A ocorrência de um episódio de violência é por si só importante e grave. A violência é um tema que habitualmente cativa a atenção das pessoas e por isso merece uma cobertura mediática que por vezes enviesa a dimensão das situações. Ou seja, porque está mais disponível no tempo ou no espaço, nós estimamos a sua probabilidade como maior do que ela realmente é. Não acontece apenas com a violência, mas com todos os acontecimentos à nossa volta.
Se um avião cai, é alvo de muita cobertura mediática, muito mais do que um automóvel quando tem um acidente, o que nos poderia levar a pensar num risco mais elevado quando andamos de avião do que quando andamos de automóvel; ora, os factos esclarecem que é exactamente ao contrário.
Os episódios de violência, principalmente contra as pessoas, são muito noticiados, logo parecem ser muito mais frequentes do que na realidade são, principalmente em Portugal. As estatísticas podem apontar para um baixo número de ocorrências e/ou para a sua redução ao longo do tempo (um facto, como é exemplo a redução dos homicídios em Portugal de 1994 para 2017, em 50%), mas sempre que é noticiado um acontecimento violento sobre pessoas, ele parece-nos algo muito mais presente e frequente.
Outro tipo de mudanças, mais culturais e civilizacionais, também têm certamente a sua influência e podem enviesar em sentido contrário, como vemos na violência doméstica, onde hoje começa a reduzir-se a atitude “entre marido e mulher não se mete a colher” (embora também os dados estatísticos apontem para uma tendência de redução deste fenómeno, apesar de muito longe do desejado e mais uma vez as notícias destes crimes terem aumentado ao longo dos últimos anos).
Isso não significa que não é grave a ocorrência de apenas um só um episódio. É grave e tem consequências muitas vezes duradouras na saúde, física e psicológica. Por isso a prevenção do mesmo é tão importante.
Um dos assuntos que mais recentemente tem sido notícia é a violência sobre profissionais de saúde. Pela sua natureza muito específica, o do acto violento ser perpetrado contra um cuidador no âmbito de serviços públicos, este é um crime que ganha contornos de especial relevância.
Segundo os dados da Direcção-Geral da Saúde (DGS), a queixa sobre possíveis crimes desta natureza tem aumentado nos últimos anos e em média quase chega às duas queixas diárias. Esta era uma situação que beneficiaria de uma aposta estratégica e operacional de prevenção.
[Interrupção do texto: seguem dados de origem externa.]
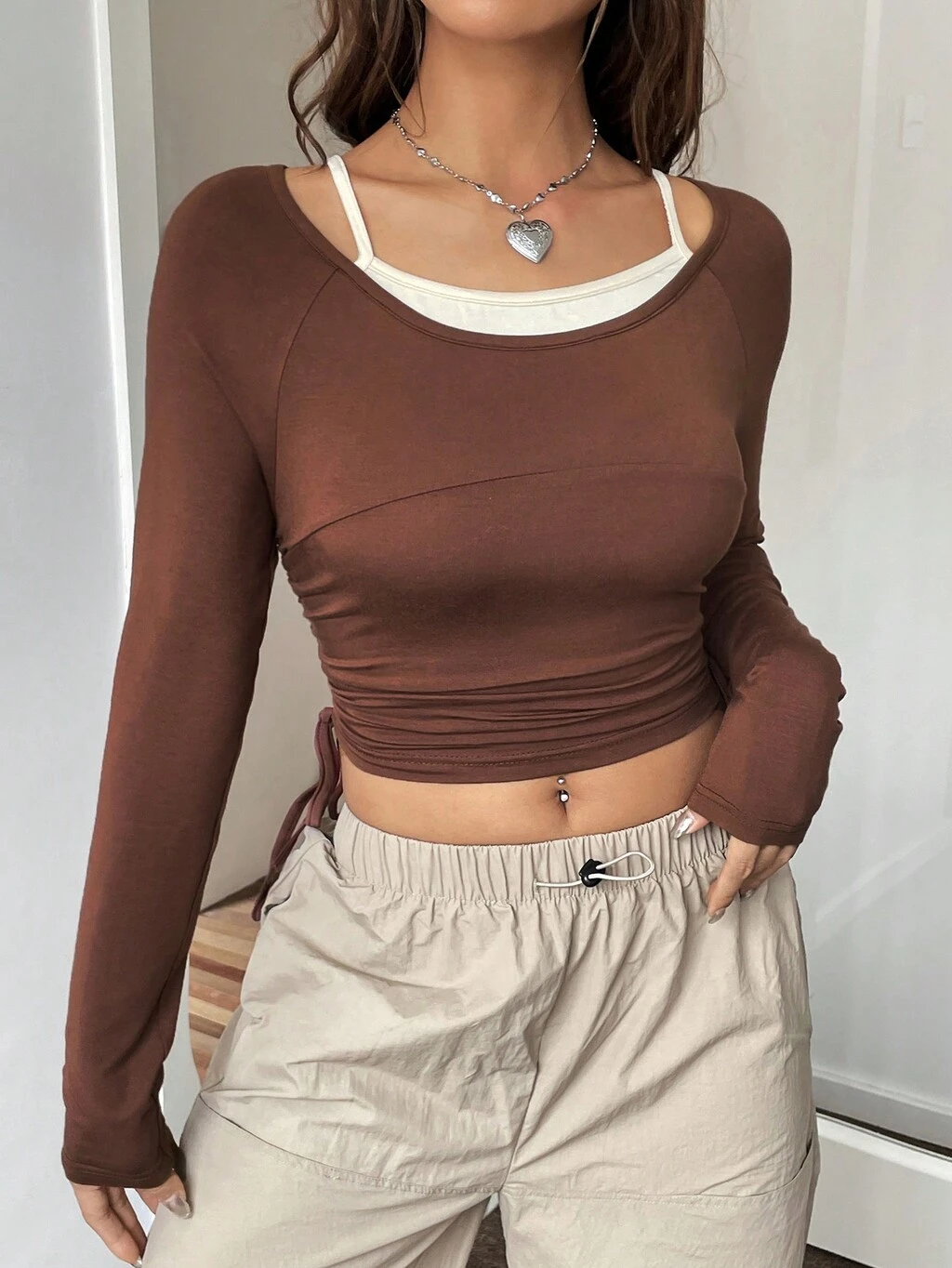 Lace Up Front Frill Trim Flounce Sleeve Bandana Hem Crop Blouse Fall Cloth For Women

É por isso muito positivo a criação, recentemente anunciada pelo Ministério da Saúde e pela DGS, de um Programa Nacional de Prevenção da Violência no Ciclo de Vida, incluindo um Plano de Acção para a Prevenção da Violência no Sector da Saúde.
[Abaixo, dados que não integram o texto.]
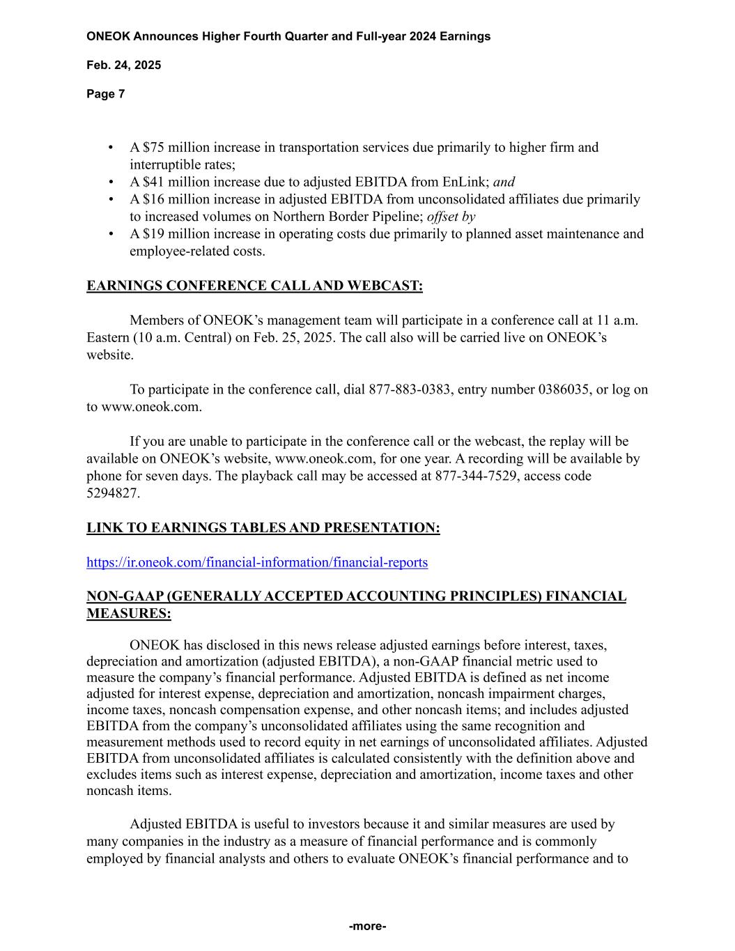 ONEOK Announces Higher Fourth Quarter and Full-year 2024 Earnings Feb. 24, 2025 Page 7 -more- • A $75 million increase in transportation services due primarily to higher firm and interruptible rates; • A $41 million increase due to adjusted EBITDA from EnLink; and • A $16 million increase in adjusted EBITDA from unconsolidated affiliates due primarily to increased volumes on Northern Border Pipeline; offset by • A $19 million increase in operating costs due primarily to planned asset maintenance and employee-related costs. EARNINGS CONFERENCE CALL AND WEBCAST: Members of ONEOK’s management team will participate in a conference call at 11 a.m. Eastern (10 a.m. Central) on Feb. 25, 2025. The call also will be carried live on ONEOK’s website. To participate in the conference call, dial 877-883-0383, entry number 0386035, or log on to www.oneok.com. If you are unable to participate in the conference call or the webcast, the replay will be available on ONEOK’s website, www.oneok.com, for one year. A recording will be available by phone for seven days. The playback call may be accessed at 877-344-7529, access code 5294827. LINK TO EARNINGS TABLES AND PRESENTATION: https://ir.oneok.com/financial-information/financial-reports NON-GAAP (GENERALLY ACCEPTED ACCOUNTING PRINCIPLES) FINANCIAL MEASURES: ONEOK has disclosed in this news release adjusted earnings before interest, taxes, depreciation and amortization (adjusted EBITDA), a non-GAAP financial metric used to measure the company’s financial performance. Adjusted EBITDA is defined as net income adjusted for interest expense, depreciation and amortization, noncash impairment charges, income taxes, noncash compensation expense, and other noncash items; and includes adjusted EBITDA from the company’s unconsolidated affiliates using the same recognition and measurement methods used to record equity in net earnings of unconsolidated affiliates. Adjusted EBITDA from unconsolidated affiliates is calculated consistently with the definition above and excludes items such as interest expense, depreciation and amortization, income taxes and other noncash items. Adjusted EBITDA is useful to investors because it and similar measures are used by many companies in the industry as a measure of financial performance and is commonly employed by financial analysts and others to evaluate ONEOK’s financial performance and to

Se o Programa se constituir e operacionalizar abrangendo áreas que vão da literacia, aos ambientes dos estabelecimentos de saúde, à liderança e ao atendimento, por exemplo, ao mesmo tempo que intervém rapidamente sobre as situações de violência, não só punitivamente mas também trabalhando desde logo com as vítimas de modo à sua rápida recuperação e assim prevenindo consequências futuras mais graves, então poderemos estar também a dar um passo importante para mudar o paradigma: prevenção e promoção e não só remediação.
Fica a preocupação que o Programa seja dotado dos recursos necessários ao seu funcionamento e efectividade de modo a que (in)acção não ponha em causa os bons planos e ideias. O novo serviço de apoio da linha SNS24 que agora foi apresentado é assim uma óptima notícia pela aposta nos primeiros socorros psicológicos, prestados por psicólogos, essenciais nas primeiras 72 horas após a ocorrência.
Apesar disto, numa reflexão ainda precoce salienta-se a necessidade de uma estratégia de prevenção dos riscos psicossociais e de promoção de locais de trabalho saudáveis, em todo o SNS, mas mais do que isso em toda a Administração Pública, estruturadora da criação de factores de protecção, também no que diz respeito à violência neste contexto, estratégia esta ainda por criar e implementar. Será que é desta?
O autor escreve de acordo com a antiga ortografia.